Two weeks ago, Ali Aghamohammadi, the Ahmadinejad Administration’s head of economic affairs, was quoted in IRNA, a state-run news agency, that Iran was working on a “halal Internet.”
“Iran will soon create an Internet that conforms to Islamic principles, to improve its communication and trade links with the world,” he said, explaining that the new network would operate in parallel to the regular Internet and would possibly eventually replace the open Internet in Muslim countries in the region. “We can describe it as a genuinely ‘halal’ network aimed at Muslims on a ethical and moral level,” he added.
It remains unclear exactly what a “halal Internet” would entail. Presumably, by definition, it would exclude the “haram Internet,” (the Muslim equivalent of un-kosher)–so no pornography, for example. Likely, it would also feature the writings of revered Iranian Islamic leaders (the founder of the Islamic Republic, Ayatollah Khomeini, would be an obvious choice), as well as current Supreme Leader Ayatollah Khamenei, and other clerics who preach the gospel of the velayat-e faqih, the principle of the “rule of the [Islamic] jurisprudent” that has governed Iran for three decades. But beyond religous scholarship, a halal Internet probably would also feature Iran’s answer to Al Jazeera and the BBC–Press TV, which already has an English-language website.
It would be unlikely, but not technically impossible, for Iran to step up its censorship and filtering regime to create this “halal Internet.” After all, most Cubans, for example, are priced out of the actual Internet and steered towards the Cuban equivalent, which is restricted to an internal e-mail network, and a handful of pro-government sites. In a similar vein, the Chinese Internet is limited largely only to websites that the government doesn’t view as threatening.
This isn’t the first time that the Islamic Republic has tried to co-opt the Internet for its own purposes. In fact, Iran has a 10-year history of pursuing aggressive tactics online.

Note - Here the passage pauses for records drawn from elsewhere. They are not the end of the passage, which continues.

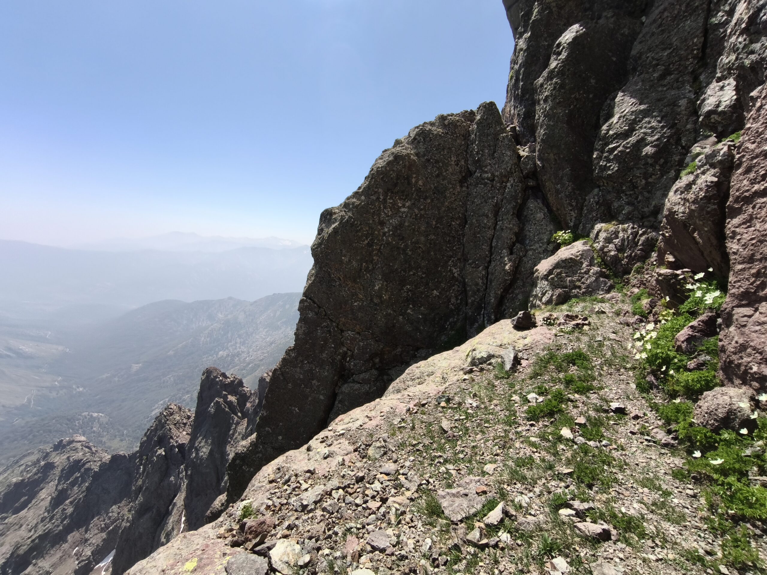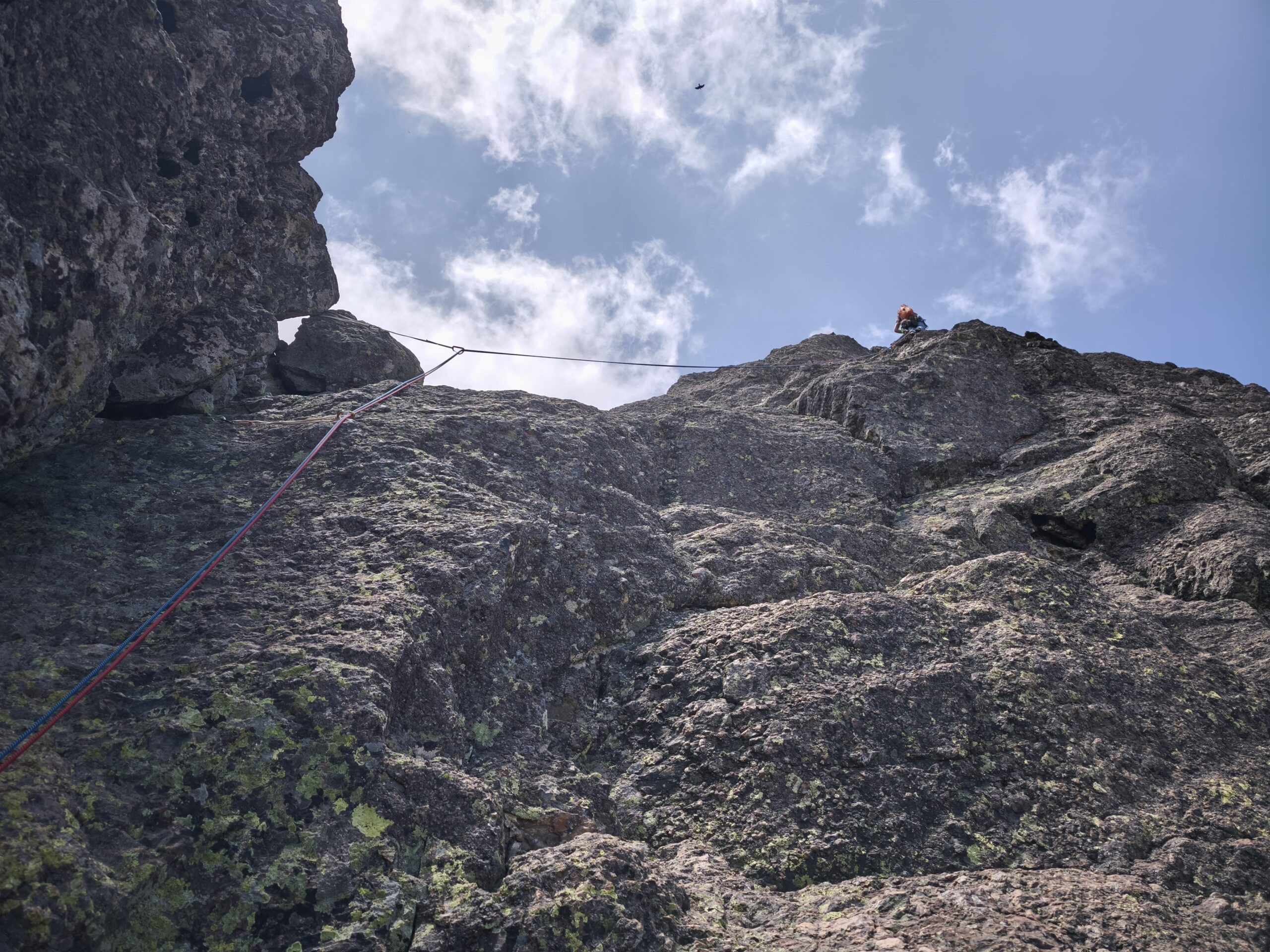 L8: Salire il camino fino alla Breche du Anglais. Da qui salire la cresta leggermente verso destra fino a raggiungere una zona più appoggiata. Sosta da attrezzare. (45m, IV)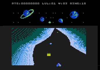 A nimble but very complex clone of the famous horizontal scrolling shooter Uridium, in which the ship can fly not only forward but also backward.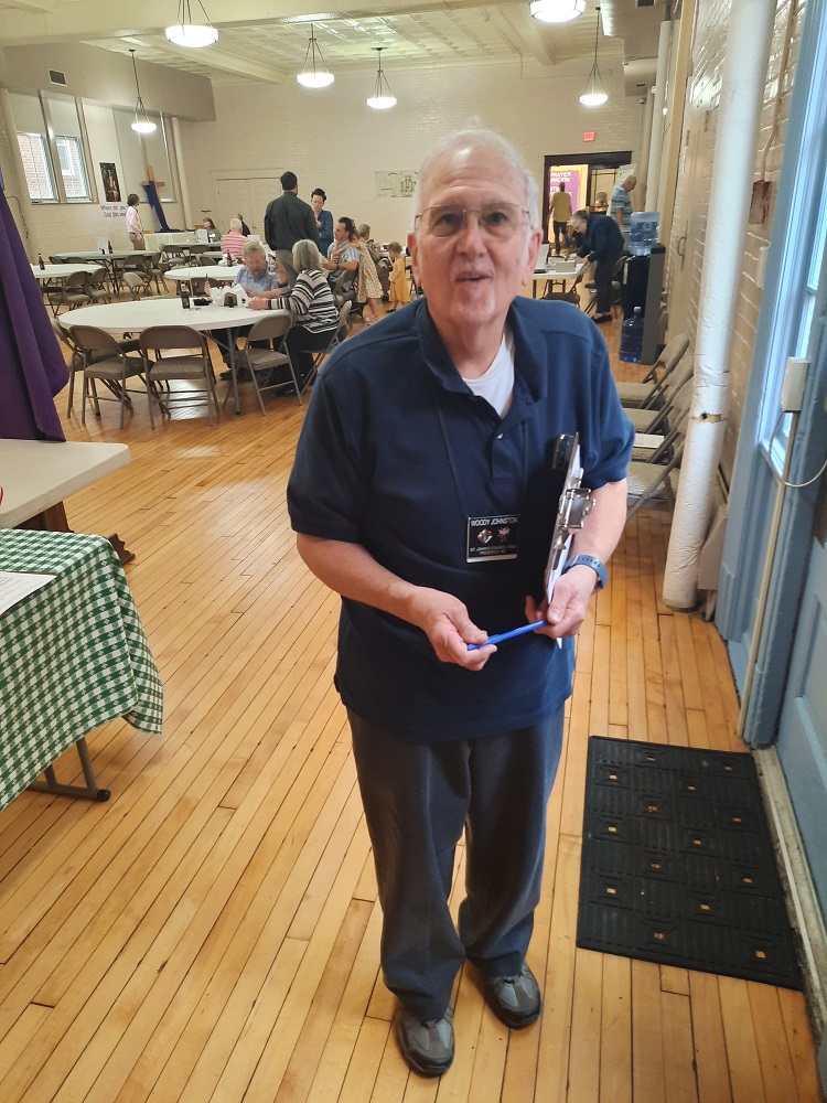 March 18, 2022. St. John's Council's Annual Lenten Friday Fish Dinners at the Sister Margaret Bauer Evangelization Center, 114 East Second Street, Frederick, MD. Br. Woody Johnston submits a to-go order in the dining room.

As early as 2000, Iran tried to fool Iranians by creating the website Montazery.com, which was an attempt to divert traffic from Montazeri.com, the true website of an Iranian dissident ayatollah under house arrest who had written a scathing memoir against Khomeini and the Islamic Republic.
Over the next several years, Iran pursued a campaign of sophisticated filtering and censorship online, while also aggressively intimidating, arresting, and forcing into exile a number of young bloggers. By mid-decade, Iran was actively encouraging pro-regime bloggers, and said in 2008 that it would unleash an “army” of 10,000 bloggers from its own Revolutionary Guard.
In the months after the so-called “Twitter Revolution,” the office of Supreme Leader Ayatollah Khamenei joined the micro-blogging service (@khamenei_ir), sending out 140 characters of propaganda—in English and Persian—at a time.
More recently, in fact, just before the Persian New Year, on March 20, 2011, a pro-regime blogger, Omid Hosseini, was proclaimed to be the winner of a government-sponsored blogging contest–only open to blogs that were not filtered in-country (meaning they are pro-regime), of course.
But there’s likely a lot more to come out of the Iranian online world, particularly now that Iran has declared that it believes the United States and Israel were behind the creation of the infamous Stuxnet worm that likely set back Iran’s nuclear program. (The New York Times had arrived at a similar conclusion months earlier.)
In an interview published in IRNA on April 16, Gholam Reza Jalali, the commander of the Iranian civil defense organization, was quoted as saying that Iran was creating the “1390 Program”—1390 being the current year in the Persian calendar—which would add six cyberdefense master’s degree programs and one doctoral program across various Iranian universities.
“The final solution to problems of [cyberdefense and the] formation of Jihad, is to achieve economic self-sufficiency in the production of basic software such as operating systems and software,” he said.